13. Acute and severe elevations in serum urea nitrogen can have a neurotoxic

effect. Neurotoxicities include: depression, seizure, and psychosis.

14. Key Points

• Prevention is the best intervention for acute renal failure (ARF).

Conventional therapy offers little benefit to patients with established

ARF.

• Early recognition and management of prerenal ARF is important to

prevent intrinsic renal failure.

• Drug-induced causes of ARF should be evaluated in all cases of ARF.

• Patients with nonoliguric ARF have a significantly lower mortality rate

than anuric or oliguric patients; however, conversion from anuria or

oliguria to nonoliguria does not decrease mortality.
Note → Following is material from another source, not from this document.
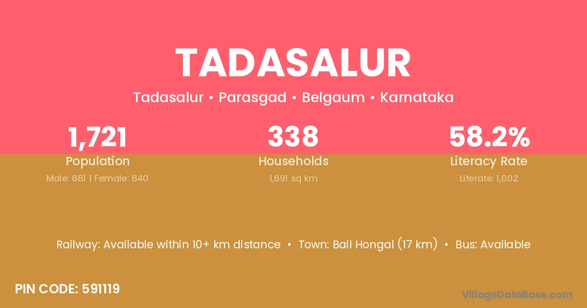 Bail Hongal (17 km) is the nearest town to Tadasalur village for major economic activities and is located approximately 17 km away.

• Attempts to increase urine output may prevent complications of fluid

overload and facilitate patient management.

• In patients with ARF, a complete and regular review of drug therapy is

necessary to make appropriate dose adjustments for drugs that are

renally eliminated.

• Potential nephrotoxic agents should be avoided and alternative agents

should be used whenever possible. If potential nephrotoxins must be

administered, consider hydration to improve renal perfusion and

reduce tubular workload.

• RRT may be required to support the patient awaiting renal function

recovery based on the indications for dialysis.

• The potential for drug removal during dialysis must be considered

when designing drug regimens for patients with ARF.